かくして『超主人公』は、〈他者のリスク化〉が招く予防暴力、〈アフター系〉が抱える終幕後の漂流、〈ネガティブ・ケイパビリティ欲望〉が希求する未決着の姿勢──これら三層を有機的に重ね合わせ、ヒロイズムという神話装置の廃墟を音響で歩かせる。その掛け声は勝利の雄叫びではなく、余震のような揺れにすぎず、観客である私たちは崩れた足場の上で身をかわしながら踊る生存者にすぎない。
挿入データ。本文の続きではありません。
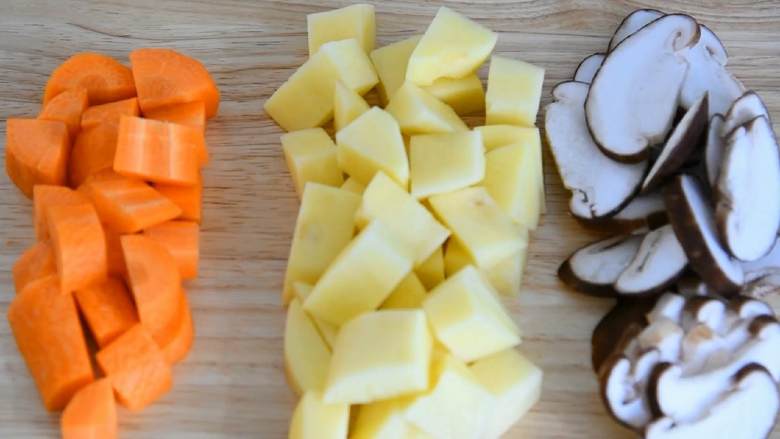 4. 土豆、胡萝卜切小块,香菇切片。
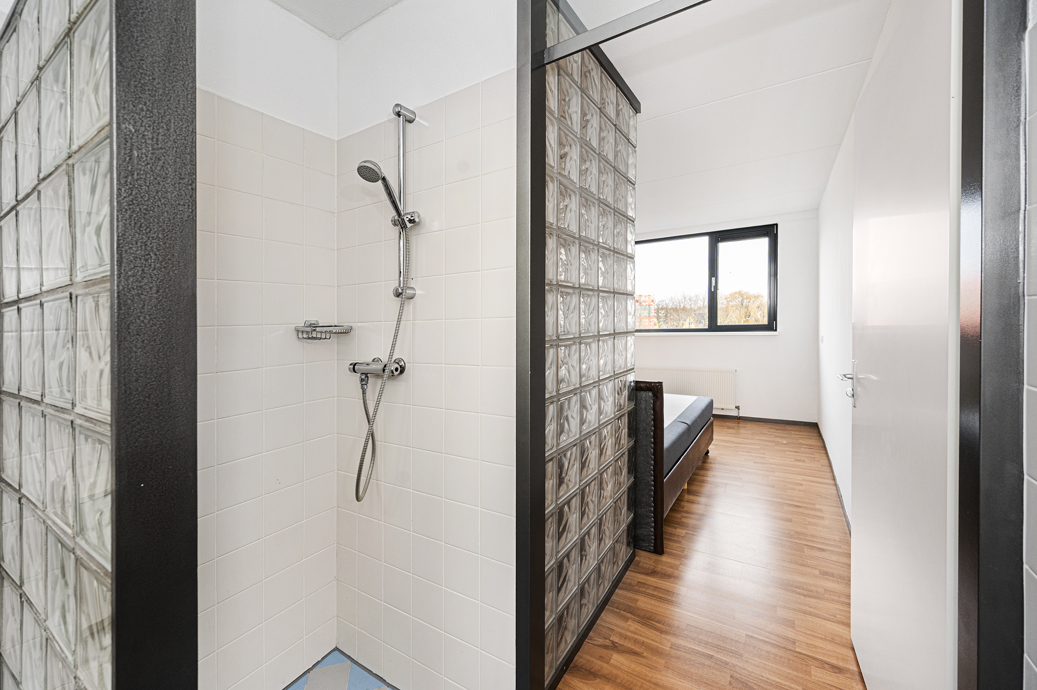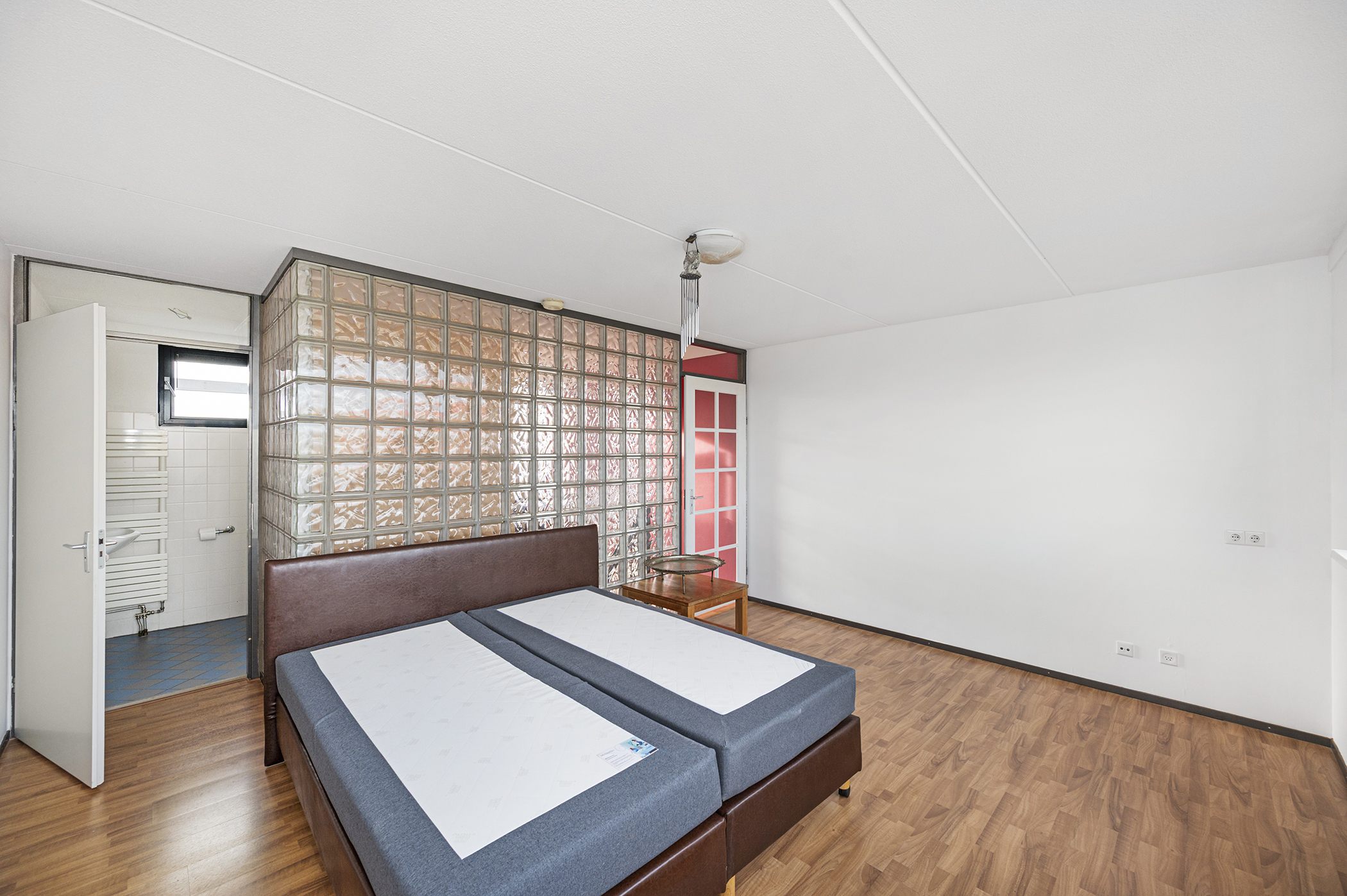Daarnaast beschikt deze verdieping over een ruime slaapkamer. Deze slaapkamer grenst aan de badkamer, die is uitgerust met een douche, toilet en wastafel. Door de slimme indeling en het gebruik van licht en ruimte biedt deze verdieping volop mogelijkheden om het geheel volledig aan te passen aan uw persoonlijke woonwensen.

III. 結論――“ラスボスなき時代”を生き延びる物語の余白へ
『超主人公』が照らし出すのは、頂点に到達してなお終わらない競争のむなしさだ。輝かしいハイライトの裏側では、静かな崩壊が進み、喝采と痛みが同じテンポで跳ね返る。その光景は、スクロールを止められずに自己を誇張し、失速への恐れを隠すため言葉を過剰に盛る――そんな私たち自身の姿と重なり合う。
では、この先どこへ向かうのか。ヒーロー神話がラスボス化を繰り返す無限ループから抜け出すため、私たちはただ競争を降りるのか。それとも瓦礫の上で小さな火を囲み、かすかな営みを継ぐのか。答えは示されない。ただ〈いいよ〉と空しく繰り返す承認を手放し、「わからなさを抱えたまま立ち止まる力=ネガティブ・ケイパビリティ」を練習することが、唯一の出口になるかもしれない。おそらく、その練習風景こそが“次の物語”のプロローグだ。主人公かモブかを競うのではなく、序列のない場所で肩を並べる名もなき時間。そこではヒーローもラスボスも役割札を剥がされ、ただの人間として震えを分かち合うだろう。
『超主人公』が残した轟音の余白には、そんなささやかな連帯の種子がまだ蒔かれている。あとは――スクロールを止め、夜更けのモニターに映る「主人公 or DIE」の選択肢をそっと閉じる勇気を持てるかどうか。その瞬間、ヒーロー神話の残骸の下から、新しい物語の芽が静かに顔を出すはずだ。
※本記事は、ピノキオピー「超主人公」の歌詞を批評目的で最小限引用しています。著作権は作者および関係各社に帰属します。